__TASK STATEMENT__
Output the data below only from the line containing "同时,各位教师可以把自己的资" up to and including the line containing "The already agile", exact and with the pictures left out.

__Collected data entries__
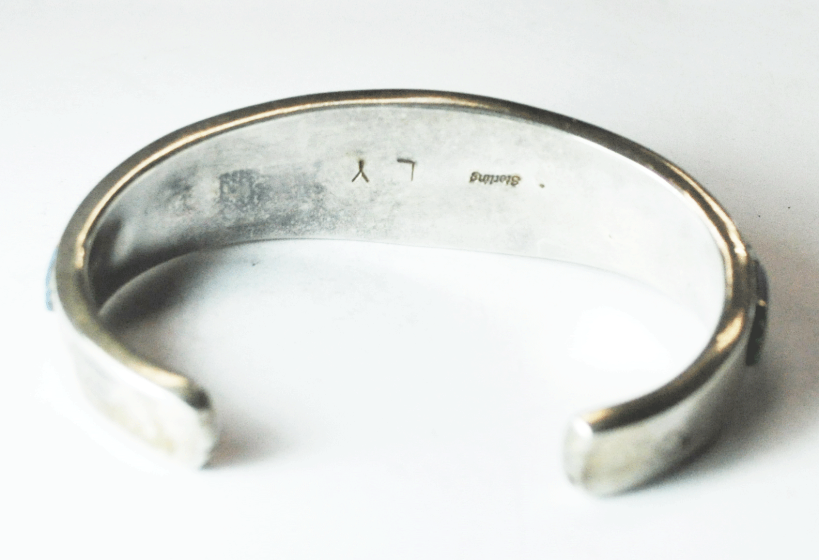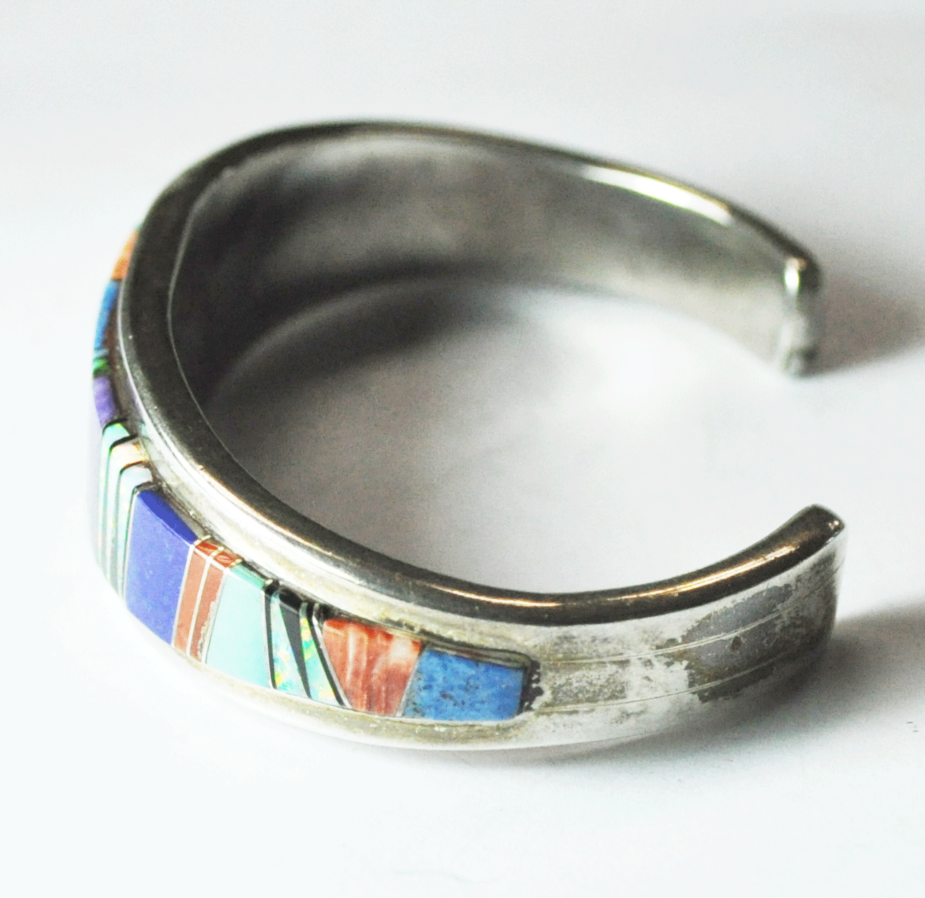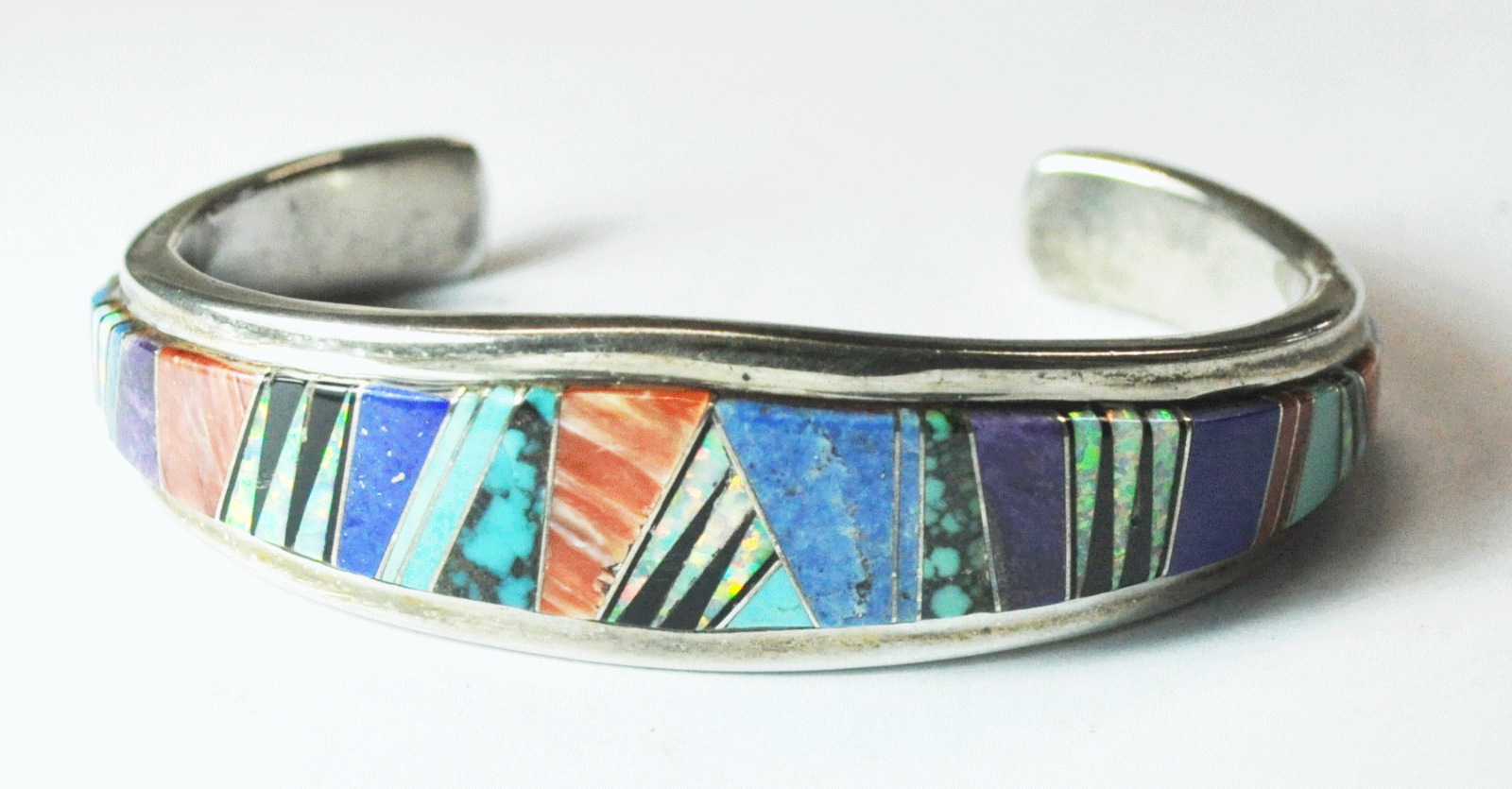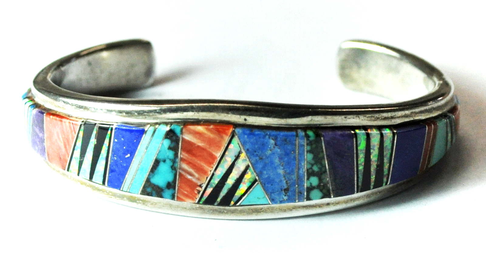 Sterling Silver YL Tiger Stripe Inlay Cuff Bracelet 19mm 7" Wrist Spiny Oyster
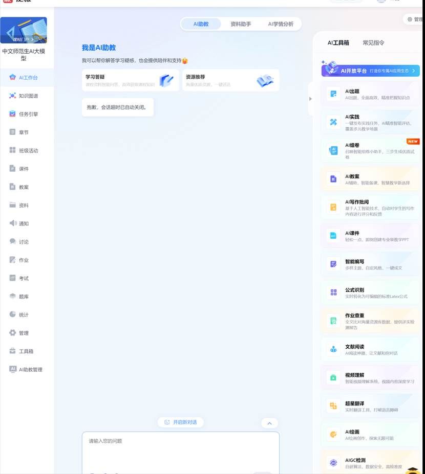 同时,各位教师可以把自己的资料上传到课程的知识库中,系统将如同教师本人亲自开展备课、辅导等教学活动,为教学工作提供真实、便捷的支持,确保知识的准确性和权威性。
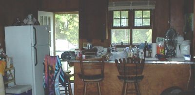 the counter where we eat. The cabinets, like all the walls in the place, are constructed of unpainted dark knotty plywood, and the doors do not care to stay closed, occasionally giving an under-vigilant drunk a bonk on the head. Many of the dishes and much of the
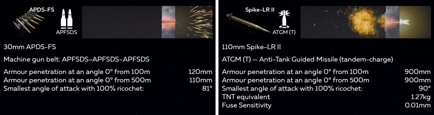 The already agile CV90 chassis in this modification received a reinforced engine and a refined transmission. Even its increased weight doesn't prevent the CV 90 Mk IV from racing across the battlefield at speeds of nearly 80 km/h and handling rough terrain with ease. Its main armament is a 30 mm Bushmaster with belts for light and armoured targets. With it, you can even hunt main battle tanks by hitting their sides. The real highlight of this modification is the tandem-warhead Spike-LR II ATGMs with automatic target tracking and a total of 6 missiles!
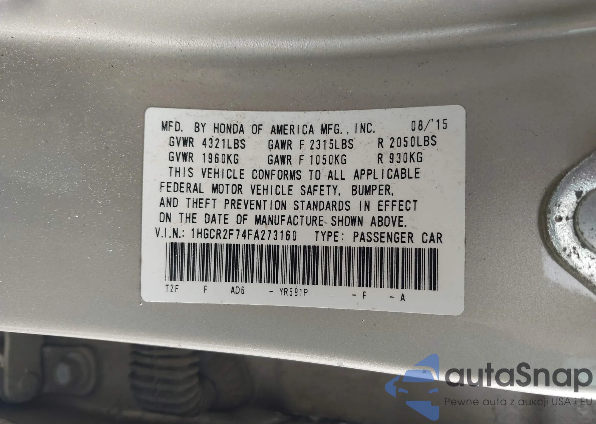 LOT: 41951419 VIN: 1HGCR2F74FA273160
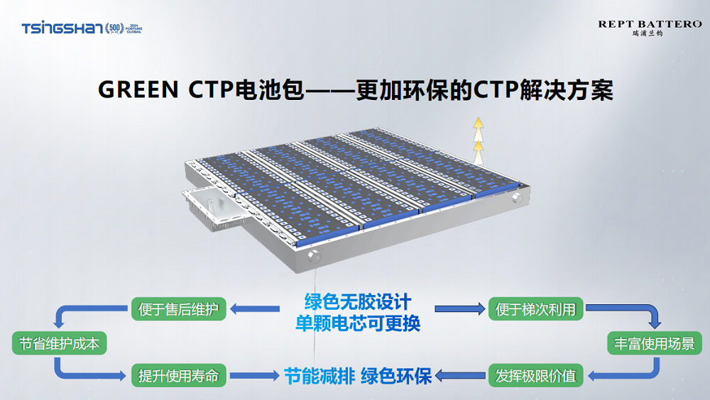 GREEN CTP PACK作为更加环保的CTP解决方案,将快充时间缩短到仅需12分钟,为乘用车绿色出行提供了强有力的支持。同时,由于GREEN CTP采用绿色无胶和单颗电芯可更换的设计,实现了从生产、售后再到二次利用的全周期低碳节能。
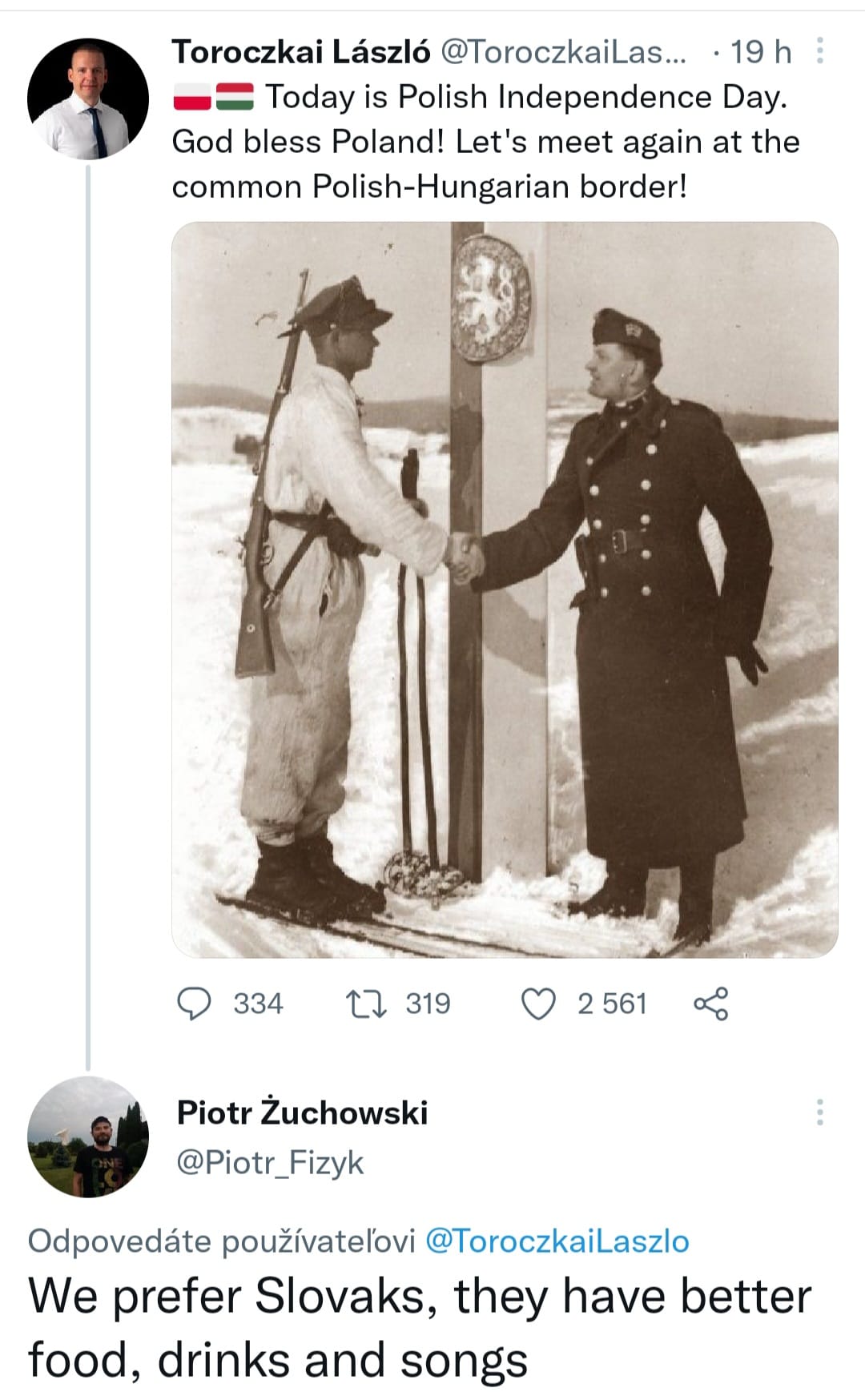 Репортер словацкого издания Denník N Томаш Форро также отметил на своей странице в Facebook, что реакция поляков на данный твит не заставила себя долго ждать. На скриншоте ответа на данный пост Торочкая один из поляков написал, что они "предпочитают больше Словакию, так как у них лучше еда, напитки и песни".
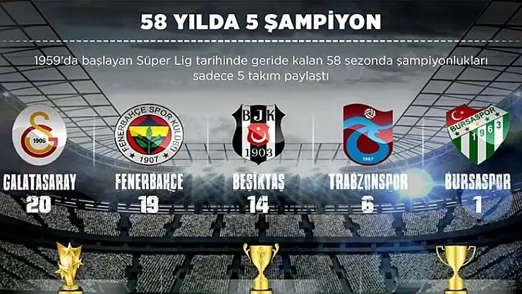 1959'da başlayan ligde şimdiye dek Galatasaray, Fenerbahçe, Beşiktaş, Trabzonspor ve Bursaspor dışında, 58 sezonda şampiyonluk sevincini yaşayan takım çıkmadı.

__RESULT FOR THIS TASK__
 同时,各位教师可以把自己的资料上传到课程的知识库中,系统将如同教师本人亲自开展备课、辅导等教学活动,为教学工作提供真实、便捷的支持,确保知识的准确性和权威性。
 the counter where we eat. The cabinets, like all the walls in the place, are constructed of unpainted dark knotty plywood, and the doors do not care to stay closed, occasionally giving an under-vigilant drunk a bonk on the head. Many of the dishes and much of the
 The already agile CV90 chassis in this modification received a reinforced engine and a refined transmission. Even its increased weight doesn't prevent the CV 90 Mk IV from racing across the battlefield at speeds of nearly 80 km/h and handling rough terrain with ease. Its main armament is a 30 mm Bushmaster with belts for light and armoured targets. With it, you can even hunt main battle tanks by hitting their sides. The real highlight of this modification is the tandem-warhead Spike-LR II ATGMs with automatic target tracking and a total of 6 missiles!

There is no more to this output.